Par exemple, il se pourrait que je devienne cet « homme jeune et charmant, délicat et sincère, sympathique et patient, prévenant et soucieux de rendre service, pondéré, aimable et souriant, d’une humeur égale et de bonne foi, ne critiquant rien ni personne, religieux et sobre, au langage châtié et aux pensés simples, sportif, hygiène de vie irréprochable, aime les animaux, le jardinage, Julio Iglésias et Luis Mariano, le fromage en faisselle et l’izarra vert, les cailloux polis, les tortues de Brenne, les Fiorettis de St François et les mémoires de De Gaulle. »,
ou encore
« taciturne et assez borné, je n’aime pas grand monde et je mords facilement si l’on m’emmerde. J’en ai rien à foutre de l’opinion d’autrui sauf si elle est bonne à mon égard et encore suivant de qui il s’agit. j’aime pas les cons, surtout en bandes organisées et à partir de trois personnes je déteste la foule. Je ne vais pas aux anniversaires de mariage, ni aux mariages eux-mêmes, pas plus qu’aux communions. J’aime les gens une fois pour toute et c’est ainsi. Pour ceux que j’aime pas c’est pas grave, je m’en fous, même si parfois il y en a qui arrivent à me faire changer d’avis à leur sujet .J.S.Bach m’emmerde en général mais si c’est avec toi j’adore.
J’aime bien le boudin aux pommes et rester au lit pour bouquiner, seul ou à deux mais là je bouquine moins. »
La servante tend l’habit de l’Enfant qui sort du bain. Il y a mille ans, un geste ordinaire resté en ocre et poussière sur un mur d’une petite chapelle (Vienne 2008)

Et parfois les reflets rendent folle la perception sans qu’un trucage quelconque soit nécessaire (Vienne 2008)

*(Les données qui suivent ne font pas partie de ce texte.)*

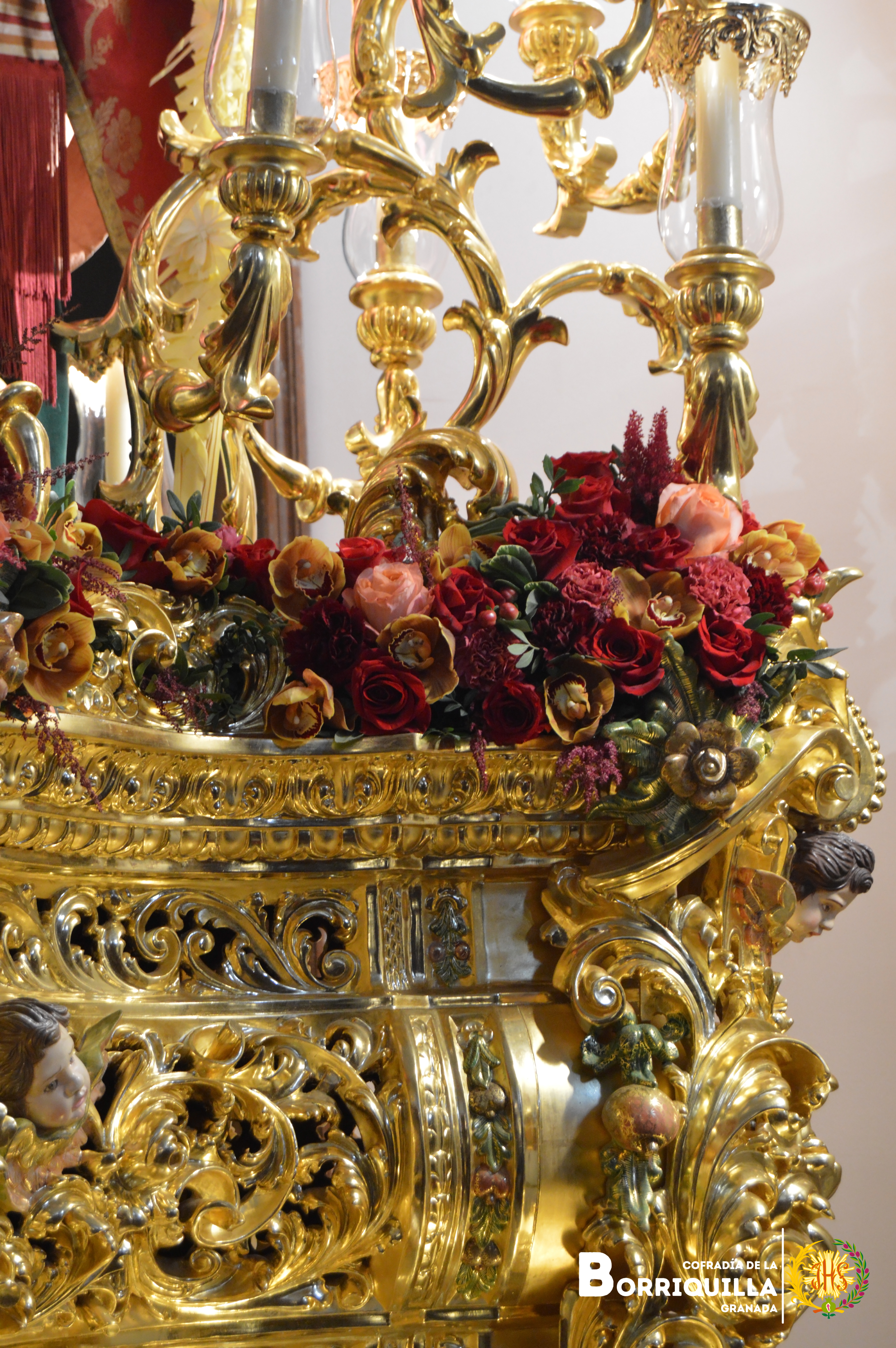 El exorno ha sido realizado por el hermano Francisco Sánchez, quien ha puesto su dedicación y buen hacer en la confección de un conjunto floral que engrandece el paso y subraya el carácter solemne y festivo de este día tan señalado.

Bien sûr, j’écris là une lettre, enfin une suite de lettres qui font mots et en principe sens. Encore qu’à cette heure et avec la musique de Bregovic dans mes oreilles, je ne sais plus trop si je ne suis pas entre deux collines en train de regarder un âne brouter au milieu d’une voie ferrée un bouquet de mariée enrubanné malgré ses chardons. Et ces voix qui se heurtent et s’enroulent comme des mèches de cheveux dans le vent d’un écho dissonant d’un chœur de femmes. La grosse caisse va régler tout cela et quelques cuivres s’y mettront aussi, pour faire taire ces rudiments de mélancolie qu’une flûte et un tambour de vachers avaient pu allumer. La sarabande n’est jamais loin au détour de clochettes et de souffles amoureux. Un ruisseau : tout coule, panta rei ! Héraclite au tableau et les ânes seront bien gardés.
Décidément, ces lettres et ces mots n’arrivent pas à trouver un semblant de discipline. Seule certitude : j’écris mais sans avoir l’itinéraire bien envisagé. J’écris sans filet, sans horizon, juste dans la nuit, pour être peut-être plus près, plus loin, pas loin, tout près. Les reprises s’enflent en tons majeurs et de lourdes voix graves encadrent le cri de fête jailli de la gorge de ces femmes des balkans. L’une d’elle envole des mots inconnus vers des aigus de feu et la terre sourit ébahie de tendresse, sous cette mélodie et les canailleries des tubas surgissant sans aucun à propos.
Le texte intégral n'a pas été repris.